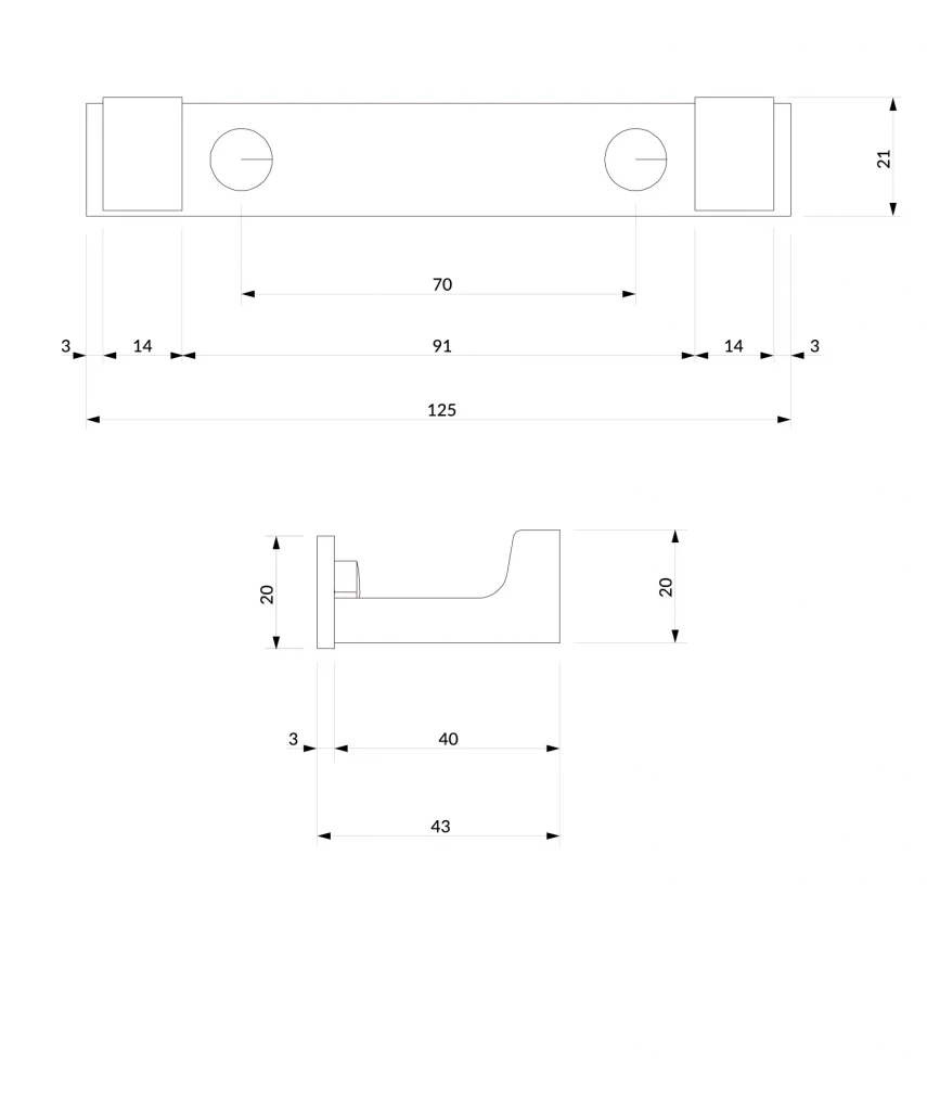 - šířka: 13 cm, výška: 2 cm, vzdálenost od zdi: 4 cm
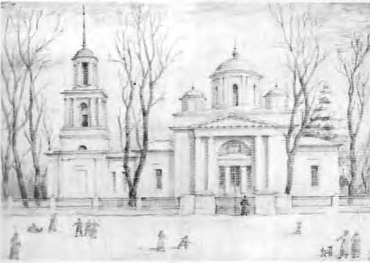 Поповка. Церковь Смоленской иконы Божьей Матери. Рисунок Н. Исселенова, близкого друга семьи Львовых.
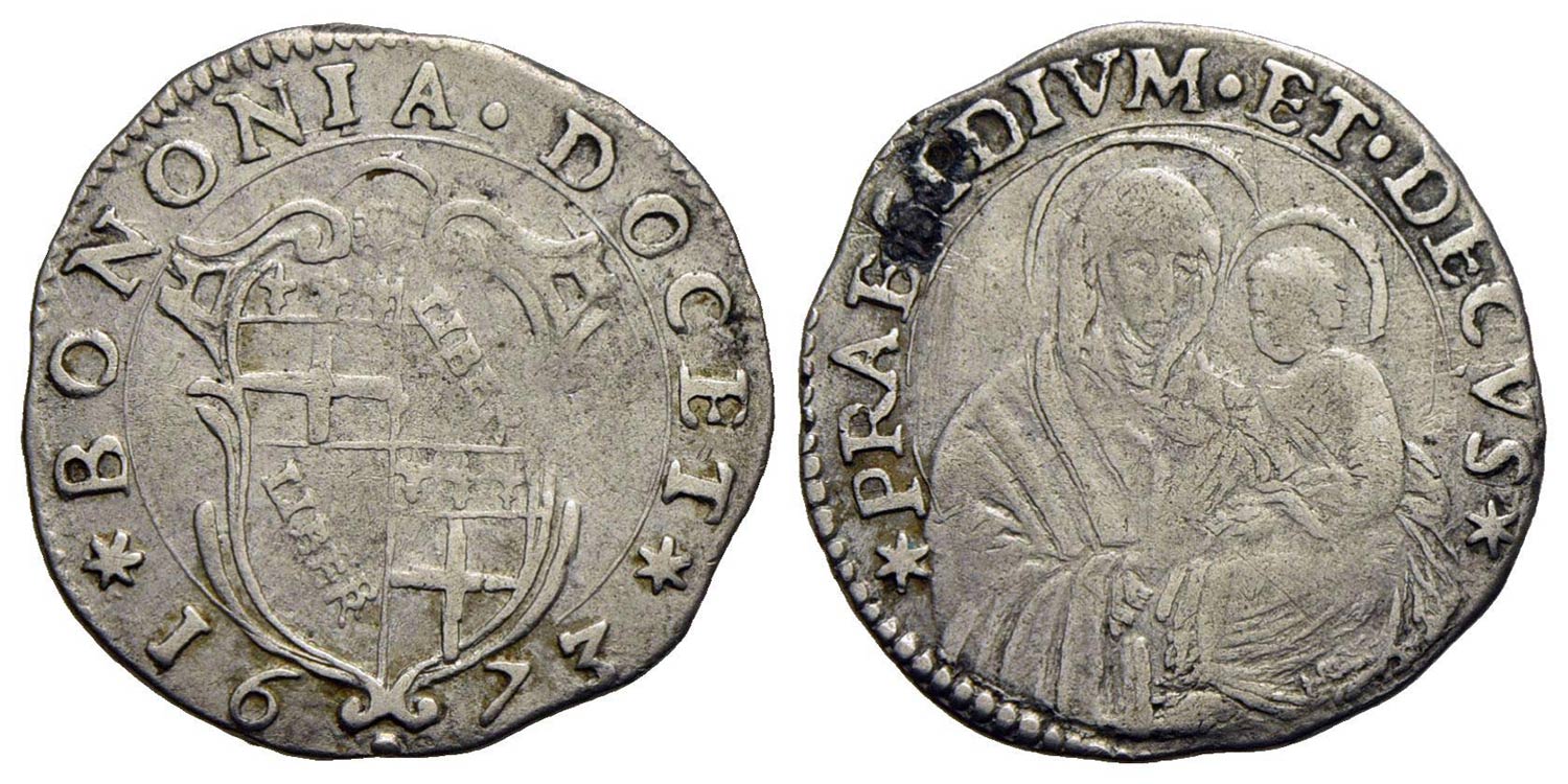 BOLOGNA - Clemente X (1670-1676) - Carlino - 1673 - Stemma ovale in cornice - R/ Mezza figura della Madonna con il Bambino - (AG g. 1,76) R CNI 35; Munt. 59a
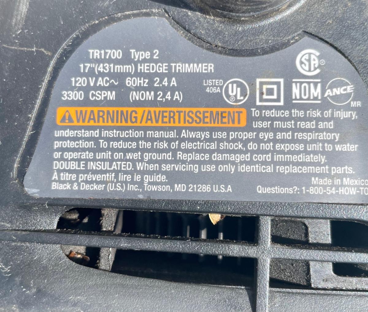 Black and Decker 17" Hedge Trimmer model TR1700 Type 2. Tested, runs strong. Includes 50ft. orange extension cord, see photos.
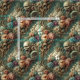 In der Höllenmotorcade treiben friedliche Marmorbilder zwischen riotösen Blüten, die von skelettartigen Freunden mit Zungen ungefurbelt geschmückt sind. Verzierte Blätter und malerische Blumen bilden eine dekadente Prozession, perfekt für Kleidungsstücke, Kleidung oder Polsterung, die Gnade und Furcht tragen.
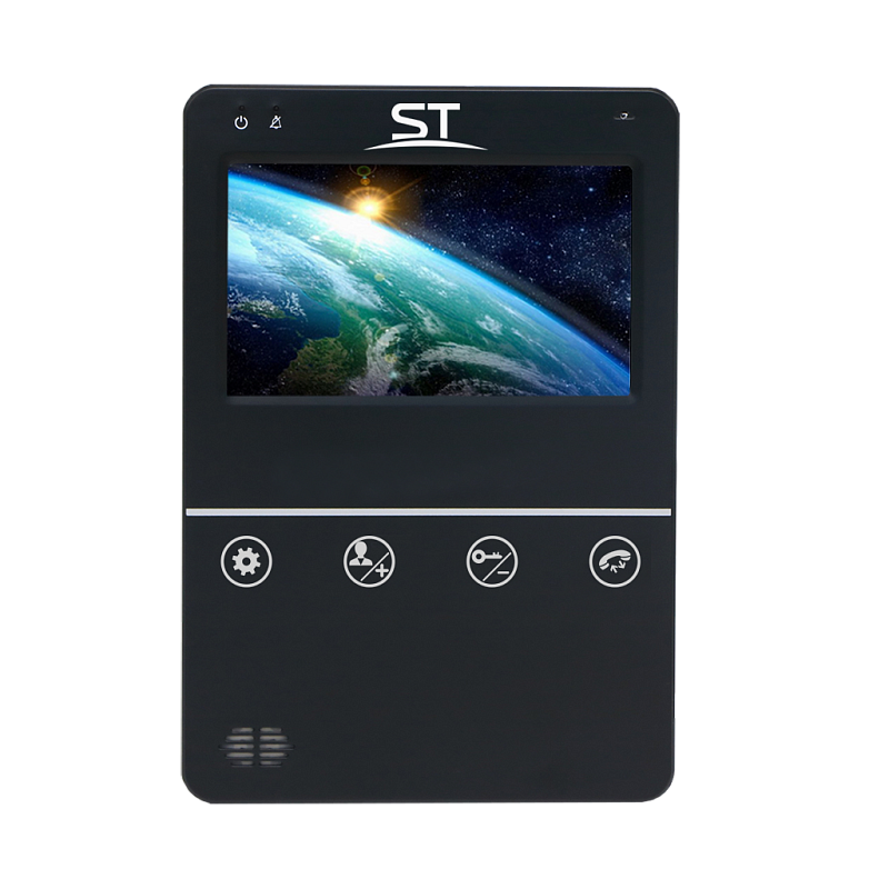 Домофон ST-M100/4 (S) ЧЕРНЫЙ, Дисплей: 4", Разрешение: 480*272, Поддерживаемые стандарты видео: CVBS, Количество подключаемых панелей: 1, Количество подключаемых камер: Нет, Количество подключаемых мониторов: Нет, Интерком: Нет, Режим «не беспокоить»: Да, Слот под SD карту: Нет, Количество мелодий звонка : 12, Автоответчик: Нет, Функция фоторамки: Нет, Возможности подключения: 1 вызывная панель, Мобильное приложение: Нет, Напряжение питания: АС 100-240В (встроенный БП12V1A), Способ монтажа : Накладной (монтажная пластина), Рабочая температура : -10°С...+60°С, Пластик, 170х117х17мм.
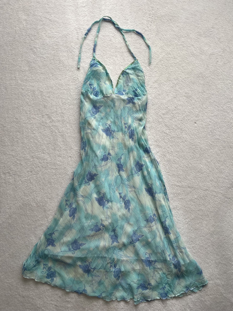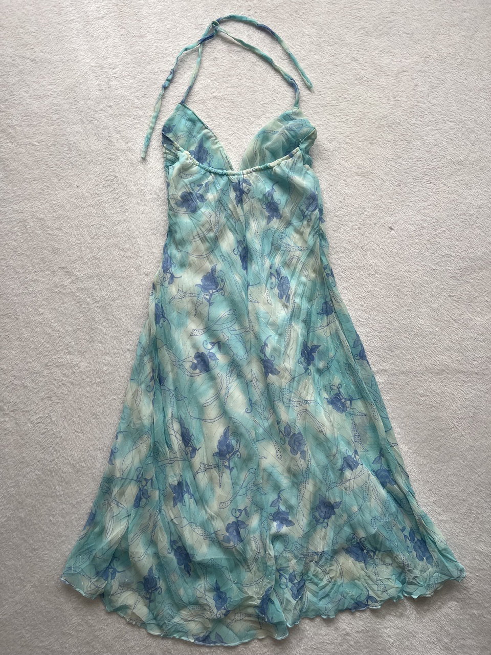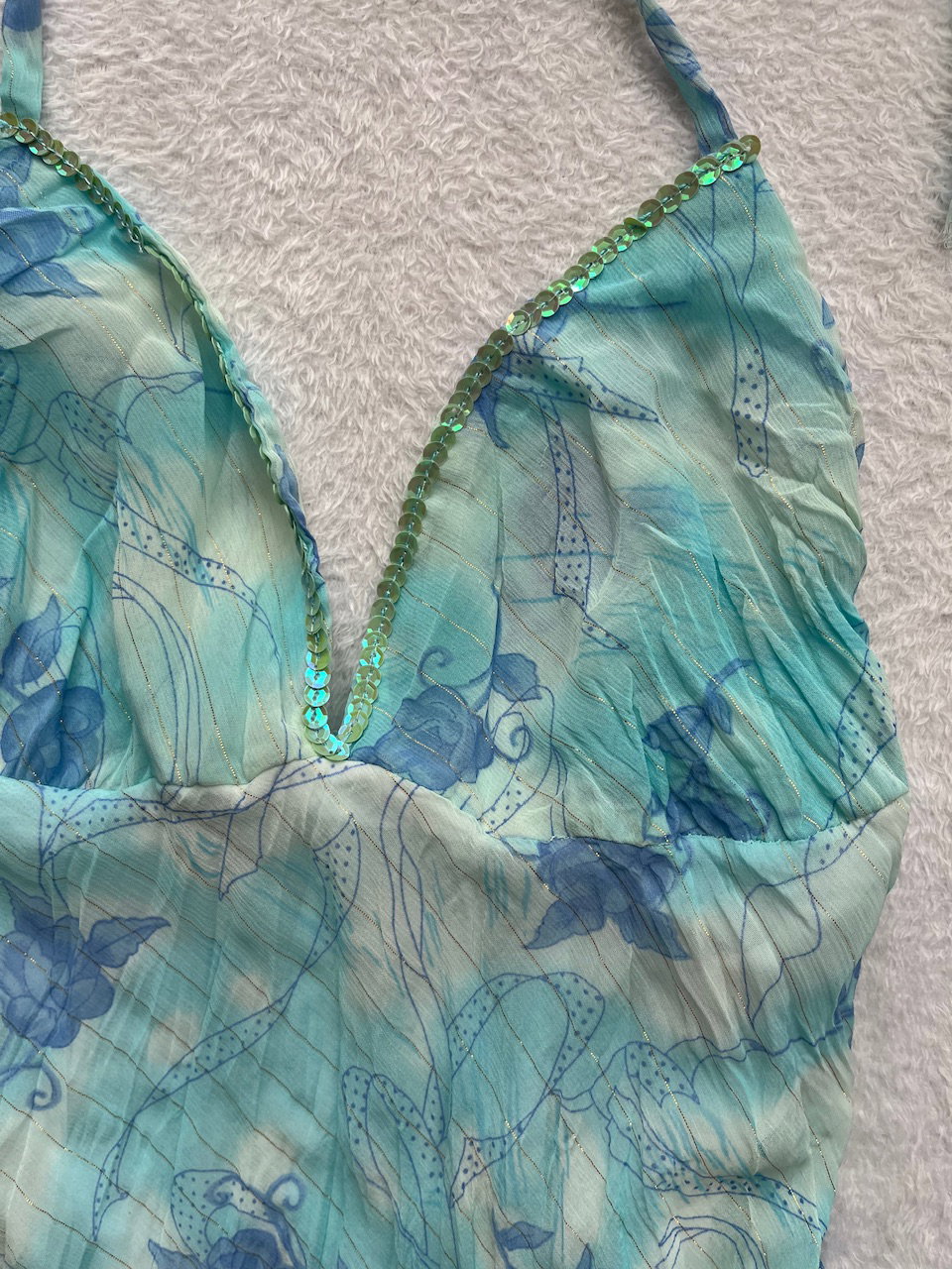 vestido de gasa estampada con detalles de lurex dorado y lentejuelas en el busto. es original d los 2000s Se ajusta en el cuello a gusto y cuenta con espalda elástizada. talle s aprox. se encuentra como nuevo, está forrado
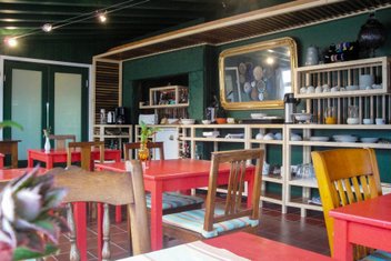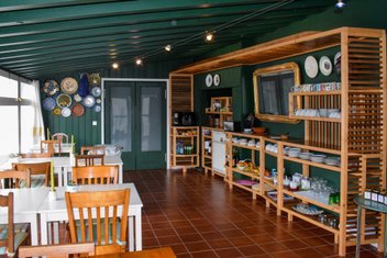Im Wintergarten des Nebenhauses wird das Frühstück mit hauseigenen Produkten aus biologischem Anbau serviert, einige davon werden auch zum Kauf angeboten.
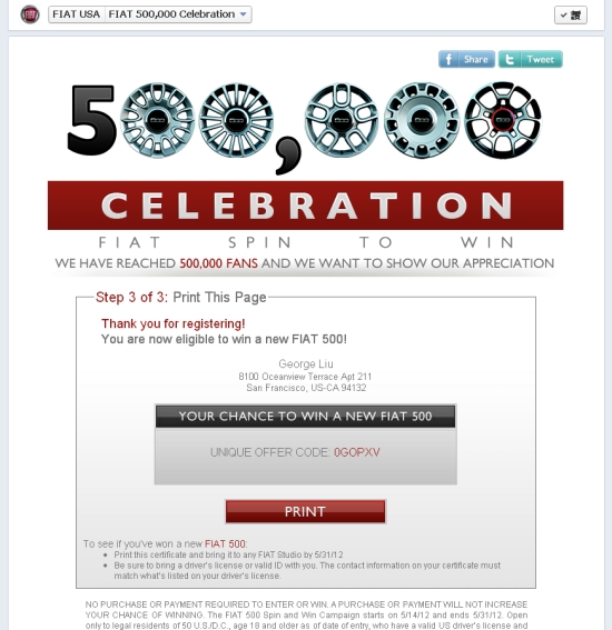 然而,真正特別的是FIAT的第二種獎品。主辦單位宣稱,是真的「只」給那先加入的50萬名粉絲,只要你是那50萬名其中一位,你可以拿到500美元的「買車金」!
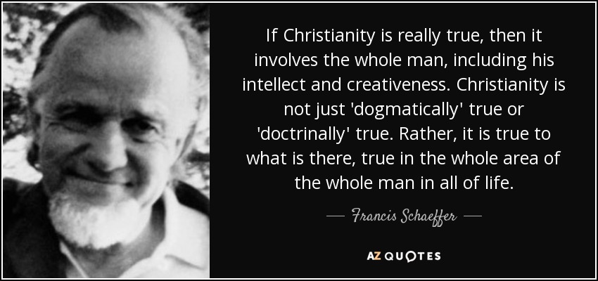 If Christianity is really true, then it involves the whole man, including his intellect and creativeness. Christianity is not just 'dogmatically' true or 'doctrinally' true. Rather, it is true to what is there, true in the whole area of the whole man in all of life.
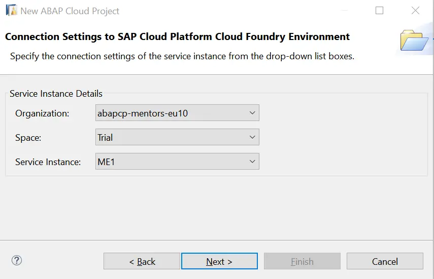 再回到ABAP Development Tools, 在项目创建向导里使用Cockpit里维护的上述属性:
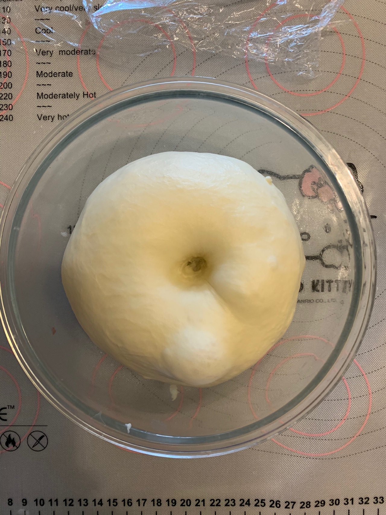 步骤5、发酵至2倍大,室温大约1小时。手指戳个洞不回缩不塌陷发酵完成。

☆ ☆ ☆ ☆ ☆

### Task requirements
Your output should be exactly the lines of the records above from the one with "vestido de gasa" through the last, both ends included, with pictures excluded.

### Response to this exercise
 vestido de gasa estampada con detalles de lurex dorado y lentejuelas en el busto. es original d los 2000s Se ajusta en el cuello a gusto y cuenta con espalda elástizada. talle s aprox. se encuentra como nuevo, está forrado
Im Wintergarten des Nebenhauses wird das Frühstück mit hauseigenen Produkten aus biologischem Anbau serviert, einige davon werden auch zum Kauf angeboten.
 然而,真正特別的是FIAT的第二種獎品。主辦單位宣稱,是真的「只」給那先加入的50萬名粉絲,只要你是那50萬名其中一位,你可以拿到500美元的「買車金」!
 If Christianity is really true, then it involves the whole man, including his intellect and creativeness. Christianity is not just 'dogmatically' true or 'doctrinally' true. Rather, it is true to what is there, true in the whole area of the whole man in all of life.
 再回到ABAP Development Tools, 在项目创建向导里使用Cockpit里维护的上述属性:
 步骤5、发酵至2倍大,室温大约1小时。手指戳个洞不回缩不塌陷发酵完成。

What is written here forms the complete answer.